◆ What the task requires ◆
Leaving the images behind, copy every line of the records exactly.

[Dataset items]
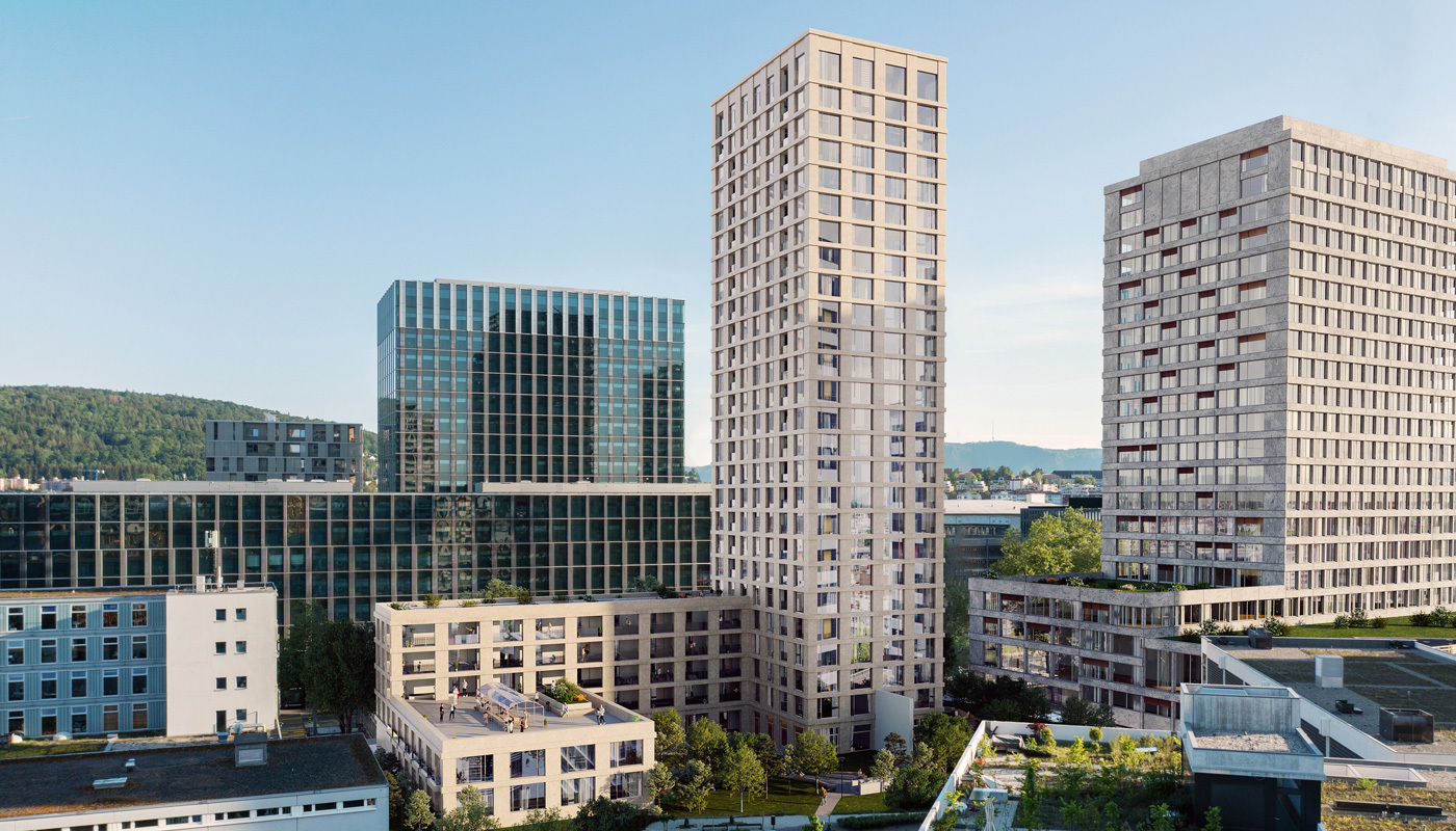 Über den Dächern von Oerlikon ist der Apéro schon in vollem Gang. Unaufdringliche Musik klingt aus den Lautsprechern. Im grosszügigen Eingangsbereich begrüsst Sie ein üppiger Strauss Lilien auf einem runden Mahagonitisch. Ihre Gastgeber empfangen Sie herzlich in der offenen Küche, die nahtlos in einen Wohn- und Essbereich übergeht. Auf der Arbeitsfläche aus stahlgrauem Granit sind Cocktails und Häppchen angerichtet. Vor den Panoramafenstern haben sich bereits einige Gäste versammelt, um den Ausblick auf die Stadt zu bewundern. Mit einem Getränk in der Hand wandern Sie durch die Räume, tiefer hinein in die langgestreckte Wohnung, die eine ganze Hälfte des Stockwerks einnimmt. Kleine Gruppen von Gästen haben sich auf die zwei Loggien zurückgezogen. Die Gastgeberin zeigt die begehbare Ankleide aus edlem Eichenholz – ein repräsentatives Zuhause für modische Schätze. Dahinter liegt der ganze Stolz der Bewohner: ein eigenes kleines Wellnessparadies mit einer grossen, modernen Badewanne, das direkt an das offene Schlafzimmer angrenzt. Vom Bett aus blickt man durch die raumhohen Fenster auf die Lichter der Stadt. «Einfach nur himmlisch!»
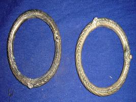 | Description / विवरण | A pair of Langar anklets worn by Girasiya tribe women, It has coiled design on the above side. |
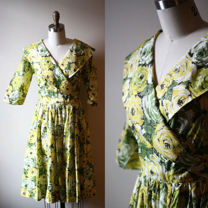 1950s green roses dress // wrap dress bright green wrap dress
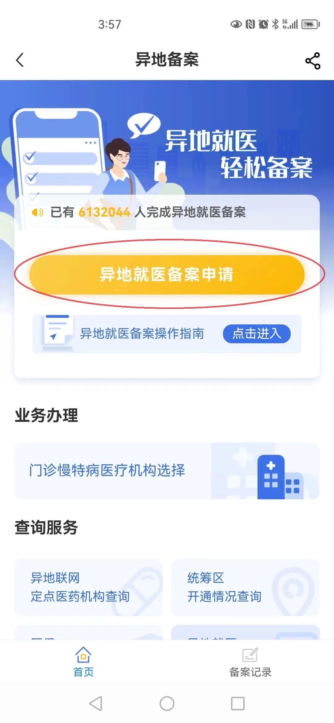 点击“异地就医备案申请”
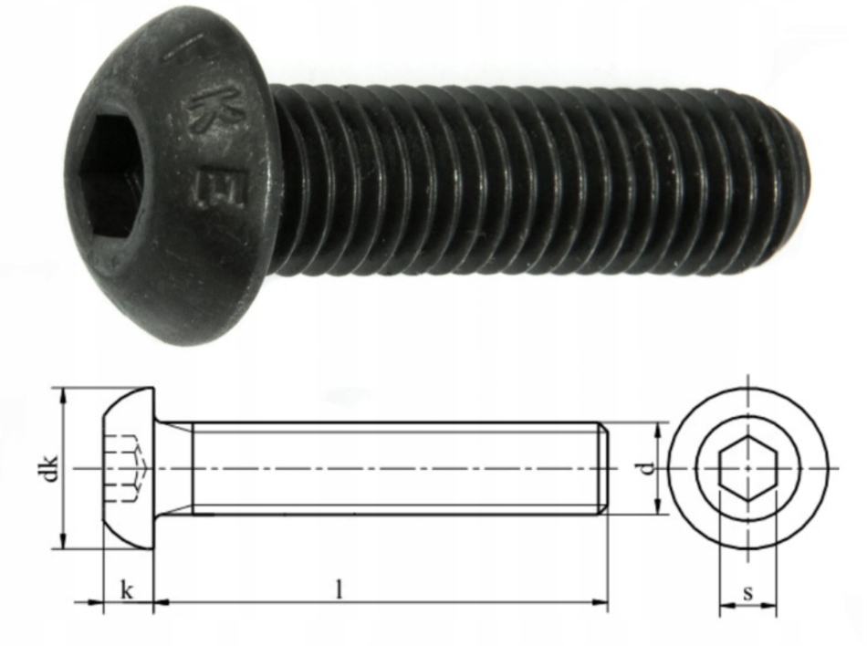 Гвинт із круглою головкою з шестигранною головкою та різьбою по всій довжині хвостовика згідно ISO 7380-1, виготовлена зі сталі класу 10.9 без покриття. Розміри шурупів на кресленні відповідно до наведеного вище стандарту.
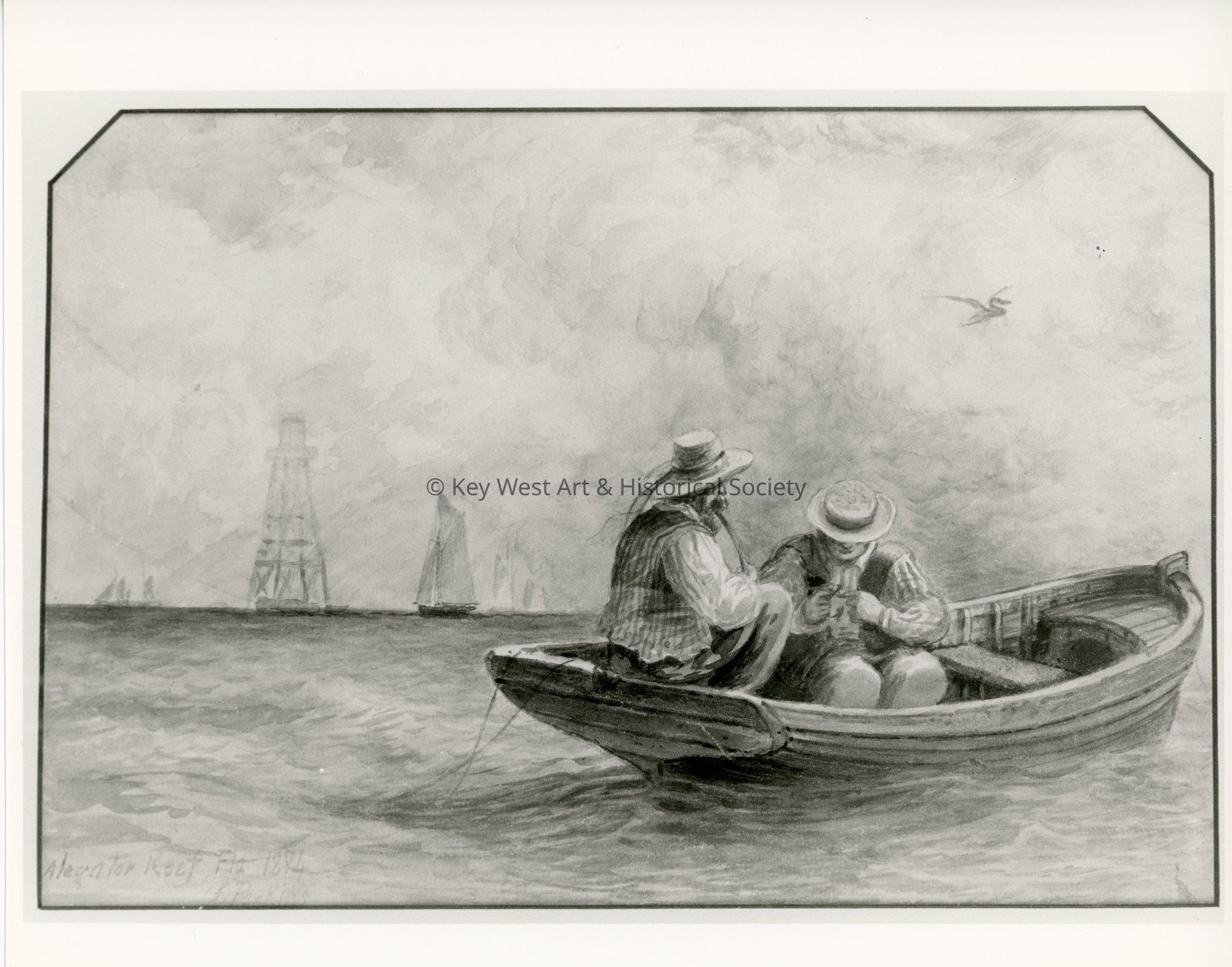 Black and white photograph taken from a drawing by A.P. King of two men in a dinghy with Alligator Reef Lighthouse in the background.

◆ Result of this task ◆
 Über den Dächern von Oerlikon ist der Apéro schon in vollem Gang. Unaufdringliche Musik klingt aus den Lautsprechern. Im grosszügigen Eingangsbereich begrüsst Sie ein üppiger Strauss Lilien auf einem runden Mahagonitisch. Ihre Gastgeber empfangen Sie herzlich in der offenen Küche, die nahtlos in einen Wohn- und Essbereich übergeht. Auf der Arbeitsfläche aus stahlgrauem Granit sind Cocktails und Häppchen angerichtet. Vor den Panoramafenstern haben sich bereits einige Gäste versammelt, um den Ausblick auf die Stadt zu bewundern. Mit einem Getränk in der Hand wandern Sie durch die Räume, tiefer hinein in die langgestreckte Wohnung, die eine ganze Hälfte des Stockwerks einnimmt. Kleine Gruppen von Gästen haben sich auf die zwei Loggien zurückgezogen. Die Gastgeberin zeigt die begehbare Ankleide aus edlem Eichenholz – ein repräsentatives Zuhause für modische Schätze. Dahinter liegt der ganze Stolz der Bewohner: ein eigenes kleines Wellnessparadies mit einer grossen, modernen Badewanne, das direkt an das offene Schlafzimmer angrenzt. Vom Bett aus blickt man durch die raumhohen Fenster auf die Lichter der Stadt. «Einfach nur himmlisch!»
 | Description / विवरण | A pair of Langar anklets worn by Girasiya tribe women, It has coiled design on the above side. |
 1950s green roses dress // wrap dress bright green wrap dress
 点击“异地就医备案申请”
 Гвинт із круглою головкою з шестигранною головкою та різьбою по всій довжині хвостовика згідно ISO 7380-1, виготовлена зі сталі класу 10.9 без покриття. Розміри шурупів на кресленні відповідно до наведеного вище стандарту.
 Black and white photograph taken from a drawing by A.P. King of two men in a dinghy with Alligator Reef Lighthouse in the background.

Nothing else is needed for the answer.